▶ [Exercise goal]
The line containing "Plano medio. En" marks the end: extract everything from the first line of the data through that line, exactly, with no pictures.

▶ [Records to use]
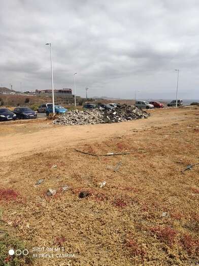 Los restos de las obras de la calle Manuel Alemán Álamo siguen amontonados en los solares próximos a esta vía en el Valle de Jinámar afeando el paisaje de la zona (Carlos).
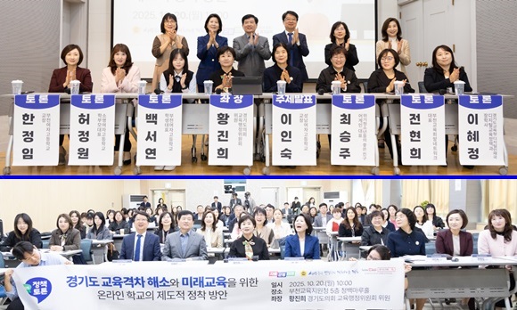 °æ±âµµÀÇȸ ±³À°ÇàÁ¤À§¿øÈ¸´Â 20ÀÏ ¿ÀÀü 10½Ã ºÎõ±³À°Áö¿øÃ» 5Ãþ û¹é¸¶·çȦ¿¡¼­ ¡®°æ±âµµ ±³À°°ÝÂ÷ ÇØ¼Ò¿Í ¹Ì·¡±³À°À» À§ÇÑ ¿Â¶óÀÎÇб³ÀÇ Á¦µµÀû Á¤Âø ¹æ¾È¡¯À» ÁÖÁ¦·Î °æ±â±³À°Á¤Ã¥Åä·Ðȸ¸¦ °³ÃÖÇß´Ù.(»çÁø= °æ±âµµÀÇȸ Á¦°ø)
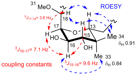 新化合物onnamide G(8)的分子式为C38H63N5O12,与onnamide A(1)相比缺少一个甲氧基,形成独特的双环核心结构。通过核磁数据分析和二维谱图(包括1H-1H COSY、HMBC和ROESY)确定了其平面结构和相对构型,特别是通过ROESY相关确定了四氢吡喃环的椅式构象。
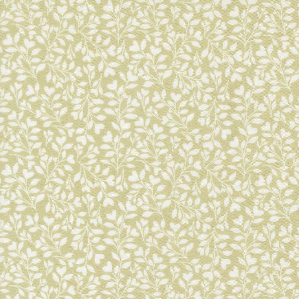 18794 15 Hearts and Leaves Blenders Light Green, Abide by Brenda Riddle Designs features an intricate pattern of white flowers on a green background.
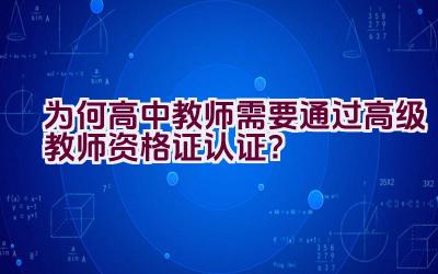 为何高中教师需要通过高级教师资格证认证?
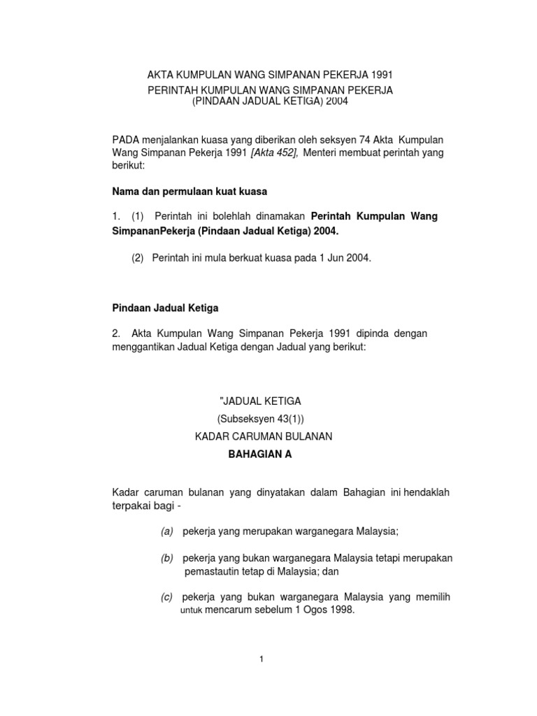 AKTA KUMPULAN WANG SIMPANAN PEKERJA 1991 JADUAL KETIGA Seksyen 43 dan 44A KADAR CARUMAN BULANAN BAHAGIAN. Rujukan adalah seperti berikut. Caruman kwsp diturunkan kepada tujuh peratus.
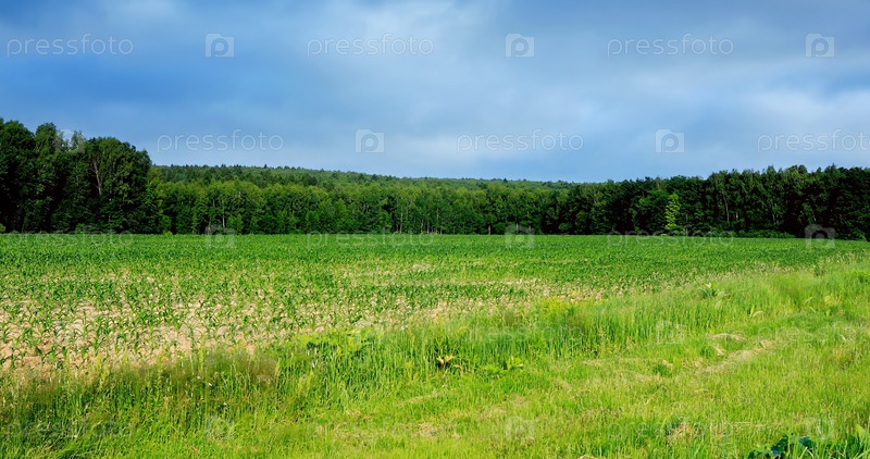 Сельскохозяйственное поле, засеянное кукурузой, лето 2023
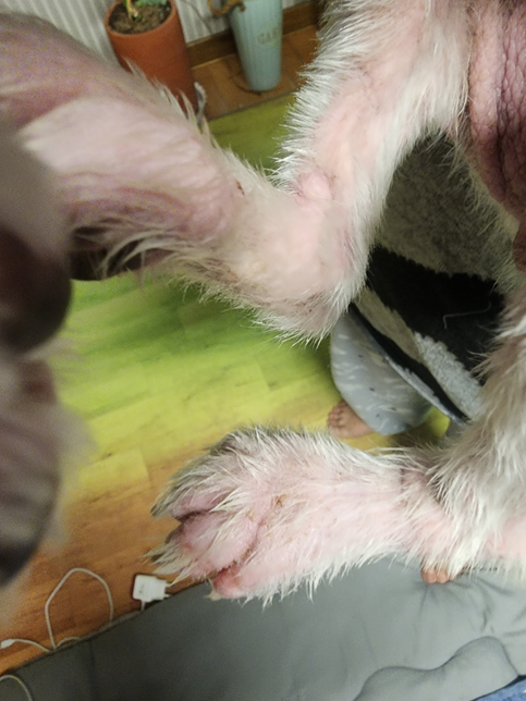 - 반려동물 건강반려동물Q. 강아지 발이 부어있습니다.도와주세요ㅠ저희집 강아지가 허벅지 부분을 너무 긁길래 어머니가 허벅지 부분을 붕대로 감아놓으시고집을 나갔다 오셨는데 붕대를 풀면서 보니 발이부어있습니다.원인을 알고싶습니다.병원을 가봐야할까요? 지금으로선 병원이 문을 다 닫은 상태라ㅠ
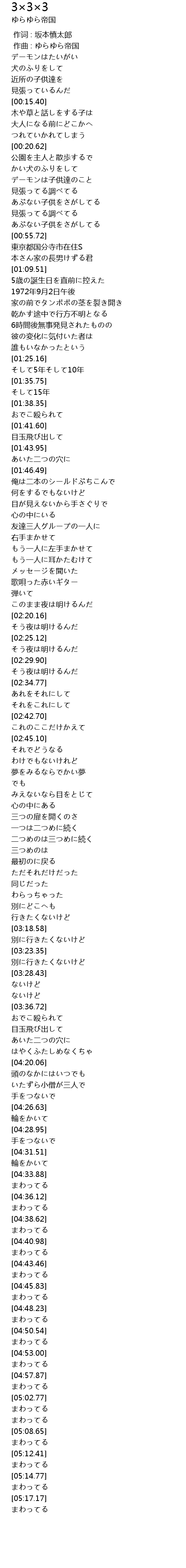 | [00:01.000] | 作曲 : ゆらゆら帝国 |
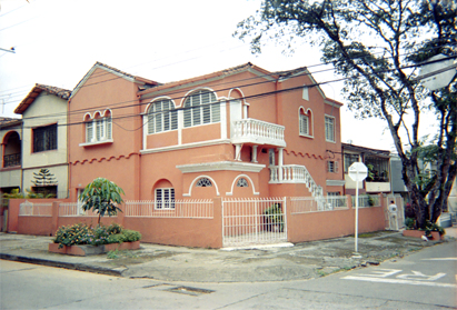 Plano medio. En la imagen se destaca una vivienda de dos plantas, con muros pintados de color naranja y algunos elementos de color blanco. Al extremo derecho un árbol.
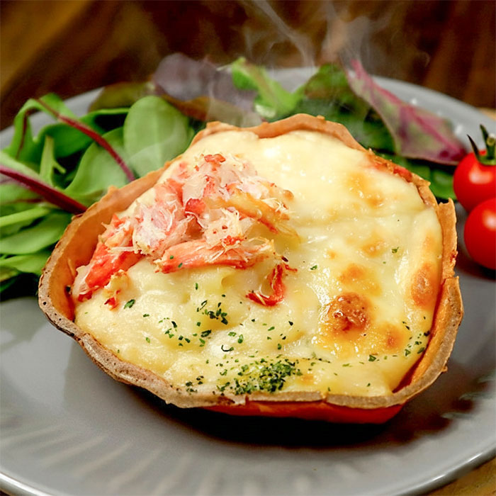 かに型の可食容器を使用した、器(甲羅)ごと食べれるかにグラタンです。従来は食べ終わった後に廃棄物として甲羅を廃棄していましたが、器ごと食べれるので、ほとんど廃棄物がありません。こだわりは器だけでなく、濃厚でクリーミーな本格ホワイトソースとじっくりと炒めた玉ねぎペーストを使用した、贅沢な味わいのグラタンソースを使用しております。また、かに身は「本ズワイガニ」を使用した他には負けない品質とボリュームで差別化したかにグラタンです。
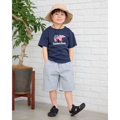 オーガニックコットン100%のヒッコリー素材を使用したハーフパンツです。

▶ [Result for this exercise]
 Los restos de las obras de la calle Manuel Alemán Álamo siguen amontonados en los solares próximos a esta vía en el Valle de Jinámar afeando el paisaje de la zona (Carlos).
 °æ±âµµÀÇȸ ±³À°ÇàÁ¤À§¿øÈ¸´Â 20ÀÏ ¿ÀÀü 10½Ã ºÎõ±³À°Áö¿øÃ» 5Ãþ û¹é¸¶·çȦ¿¡¼­ ¡®°æ±âµµ ±³À°°ÝÂ÷ ÇØ¼Ò¿Í ¹Ì·¡±³À°À» À§ÇÑ ¿Â¶óÀÎÇб³ÀÇ Á¦µµÀû Á¤Âø ¹æ¾È¡¯À» ÁÖÁ¦·Î °æ±â±³À°Á¤Ã¥Åä·Ðȸ¸¦ °³ÃÖÇß´Ù.(»çÁø= °æ±âµµÀÇȸ Á¦°ø)
 新化合物onnamide G(8)的分子式为C38H63N5O12,与onnamide A(1)相比缺少一个甲氧基,形成独特的双环核心结构。通过核磁数据分析和二维谱图(包括1H-1H COSY、HMBC和ROESY)确定了其平面结构和相对构型,特别是通过ROESY相关确定了四氢吡喃环的椅式构象。
 18794 15 Hearts and Leaves Blenders Light Green, Abide by Brenda Riddle Designs features an intricate pattern of white flowers on a green background.
 为何高中教师需要通过高级教师资格证认证?
 AKTA KUMPULAN WANG SIMPANAN PEKERJA 1991 JADUAL KETIGA Seksyen 43 dan 44A KADAR CARUMAN BULANAN BAHAGIAN. Rujukan adalah seperti berikut. Caruman kwsp diturunkan kepada tujuh peratus.
 Сельскохозяйственное поле, засеянное кукурузой, лето 2023
 - 반려동물 건강반려동물Q. 강아지 발이 부어있습니다.도와주세요ㅠ저희집 강아지가 허벅지 부분을 너무 긁길래 어머니가 허벅지 부분을 붕대로 감아놓으시고집을 나갔다 오셨는데 붕대를 풀면서 보니 발이부어있습니다.원인을 알고싶습니다.병원을 가봐야할까요? 지금으로선 병원이 문을 다 닫은 상태라ㅠ
 | [00:01.000] | 作曲 : ゆらゆら帝国 |
 Plano medio. En la imagen se destaca una vivienda de dos plantas, con muros pintados de color naranja y algunos elementos de color blanco. Al extremo derecho un árbol.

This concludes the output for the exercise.